Communication routes
Mayor Fay de Sathonay inaugurated the Tilsitt Bridge in 1808 and completed the naming and numbering of the city's streets in 1810.[6]
Street lighting
At the beginning of the 19th century, Lyon's streets were lit by lanterns managed by a company led by M. Fréquent. Until 1826, the streets were lit only from September 15 to April 1; thereafter, they were lit year-round. In 1827, the municipality invested in streetlights using Argand lamps (quinquets), which provided better illumination.[14]
In 1827, a first trial of gas lighting was established in Rue Tupin-Rompu and the Passage de l'Argue. In 1834, the Compagnie d'éclairage par le gaz pour la ville de Lyon was created. Its factory was located in the new Perrache district and became known as the Compagnie de gaz Perrache. It signed a convention with the municipality in 1835 to light the entire city. In 1856, Prefect Vaïsse signed a new 47-year convention, establishing a monopoly for the company, which allowed it to charge high rates to residents.[15]
Neighborhood developments
Developments across Lyon's neighborhoods were uneven; while central zones received significant attention from authorities, other areas experienced varied transformations.[4]
Fourvière
The first cemetery outside the city limits was opened at Loyasse in 1808.[16][6]
A political life under surveillance
From 1800 to 1870, political life in Lyon was tightly controlled and expressed only within restricted frameworks. The State feared outbreaks of Lyonnais violence and maintained its institutions through the prefect, a compliant municipality, and a vigilant police force. The two main political trends at the beginning of the period were counter-revolution and moderate liberalism. It was not until the reign of Napoleon III that the far-left managed to exist politically.
First Empire
The seizure of power by Bonaparte was perceived favorably as the end of a dark period and a return to civil peace. Upon stopping in Lyon on June 28, 1800, following the victory at Marengo, Bonaparte laid the first stone for the renovation of the facades of Place Bellecour, promising to work toward the return of the city's prosperity.[5] Regarding civil peace, he undertook energetic measures to combat both banditry and the threat of rebellion.[17]
The pacification of Lyon
At the end of the revolutionary period, banditry was endemic in the Lyon region. Attacks on mail coaches or isolated individuals were frequent. This task was the priority of the generals who successively headed the 19th military region: Moncey, Gilly, and Duhesme. The situation gradually improved, and by the mid-1800s, the department's roads were much safer. This recurring military presence also facilitated the calming of the city itself.[17]
The police commissioners
At the same time, an informant network was established by the first two commissioners general of police in Lyon: Noël (1800–1801) and Louis François Esprit Dubois (1801–1809). This well-remunerated network—consuming up to 20% of their budget—extended far beyond the city, maintaining permanent links with all major surrounding towns. They also benefited from the increasingly complete and reliable police files organized by Fouché, allowing them to better identify travelers. Gradually, in the eyes of the central authorities, Lyon lost some of its sulfurous reputation as it became better known.[17]

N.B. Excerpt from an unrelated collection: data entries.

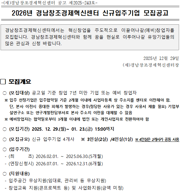 | 2026년 경상남도 창업보육센터 입주기업 모집 공고 (0) | 2025.12.29 |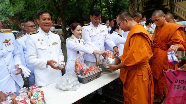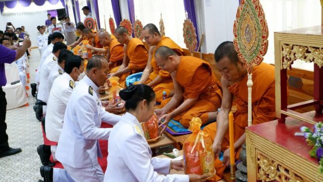 ด้วยคณะผู้บริหาร หัวหน้าส่วนราชการ พนักงานส่วนตำบล และพนักงานจ้าง เข้าร่วมพิธีทำบุญตักบาตรถวายพระ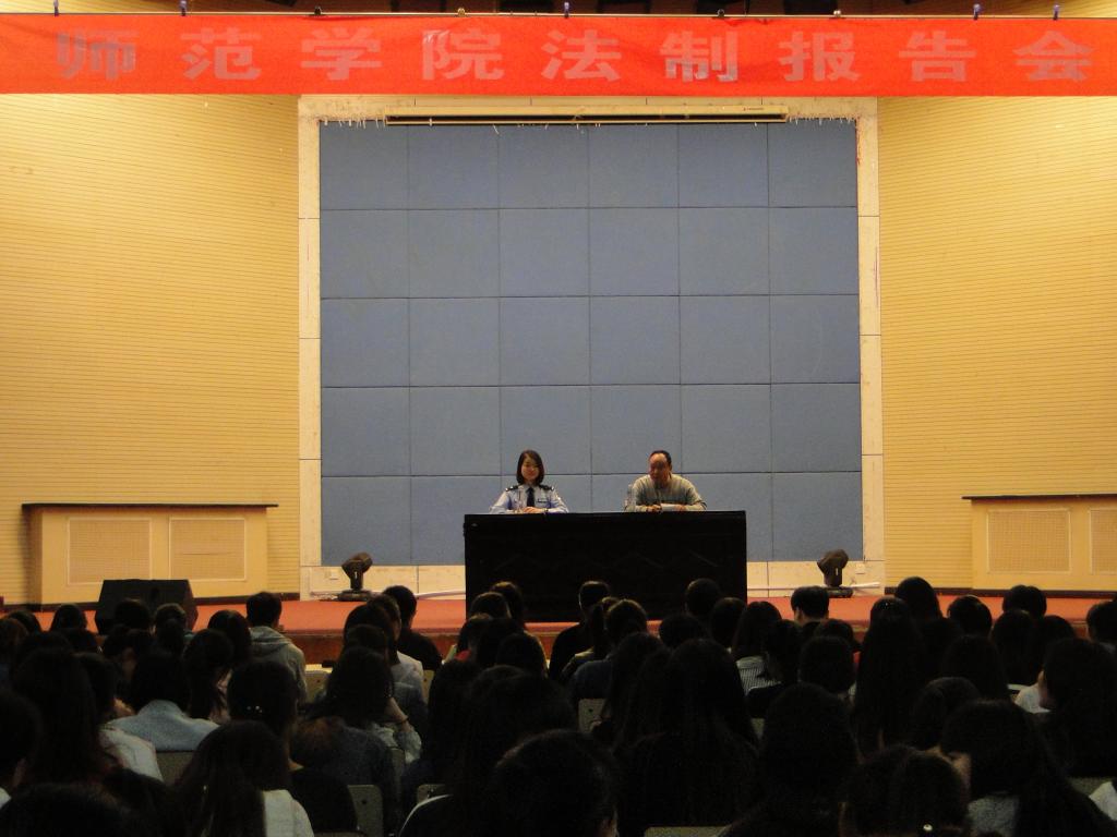 为了提高同学们的安全防范意识和面对危险情况应该采取的措施,4月19日晚,太阳集团tyc9728于学术报告厅内开展了法制报告座谈会。参加本次活动的人员有:王宇堃警官、太阳集团tyc9728副经理李贺林、员工科科长林博、16级各班辅导员以及16级全体员工。

The commissioners general were appointed directly by the Emperor and received comfortable salaries in large cities like Lyon. Installed in the city hall, the commissioner had a general secretary, a private secretary, and several offices employing about twenty people in departments for passports, military affairs, and minor road inspections. Commissioner Dubois modernized the Lyon police, relying on Ancien Régime practices while introducing innovations.[18] Paid by the city but independent of the prefect, Dubois came into conflict over his remuneration with the mayor appointed in 1805, Nicolas Fay. He left Lyon in 1809 to become the director general of police in Tuscany, which had just been annexed.[19]
Assessment
The return of prosperity facilitated the support of a large part of the population for the new regime, though the central power maintained close surveillance of Republican and Royalist circles. This support was visible in the acceptance of military conscription and the raising of the National Guard, where resistance was much lower than in the countryside.[20]
Political life
Under the Empire, all city authorities depended on the central power and were under the supervision of the prefect. In 1800, the city was divided into three districts with three appointed mayors: Parent, Saint-Rousset, and Bernard-Charpieu. Reunified in 1805, it was then led by Fay de Sathonay, followed by André d'Albon. The archbishop, the Emperor's uncle, was Joseph Fesch. The press, like all clubs and societies of notables, was monitored.[21] The only early form of protest came from Catholics, who used the secrecy of congregations to pass information and pamphlets, reactivating the counter-revolutionary networks established by Linsolas. These were uncovered in 1811.[22]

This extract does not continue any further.